**TASK OBJECTIVE**:
Search the records below for "glass"; copy each line that has it.

Items from a data source:

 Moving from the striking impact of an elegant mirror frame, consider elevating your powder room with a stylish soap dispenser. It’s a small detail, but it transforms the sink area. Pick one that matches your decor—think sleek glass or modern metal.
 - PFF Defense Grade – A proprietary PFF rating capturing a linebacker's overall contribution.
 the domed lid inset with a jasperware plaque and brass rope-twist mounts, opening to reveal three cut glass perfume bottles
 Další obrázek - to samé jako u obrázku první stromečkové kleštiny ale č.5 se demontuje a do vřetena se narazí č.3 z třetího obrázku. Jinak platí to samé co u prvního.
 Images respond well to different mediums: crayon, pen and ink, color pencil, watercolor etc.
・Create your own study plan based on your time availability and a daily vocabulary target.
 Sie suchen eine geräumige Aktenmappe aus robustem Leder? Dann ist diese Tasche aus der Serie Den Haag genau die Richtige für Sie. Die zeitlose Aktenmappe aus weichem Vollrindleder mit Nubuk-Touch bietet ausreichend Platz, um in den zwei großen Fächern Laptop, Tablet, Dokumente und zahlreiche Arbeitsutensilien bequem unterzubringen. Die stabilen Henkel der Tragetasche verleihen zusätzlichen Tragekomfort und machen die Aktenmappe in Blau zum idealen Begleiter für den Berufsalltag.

**TASK RESPONSE**:
 Moving from the striking impact of an elegant mirror frame, consider elevating your powder room with a stylish soap dispenser. It’s a small detail, but it transforms the sink area. Pick one that matches your decor—think sleek glass or modern metal.
 the domed lid inset with a jasperware plaque and brass rope-twist mounts, opening to reveal three cut glass perfume bottles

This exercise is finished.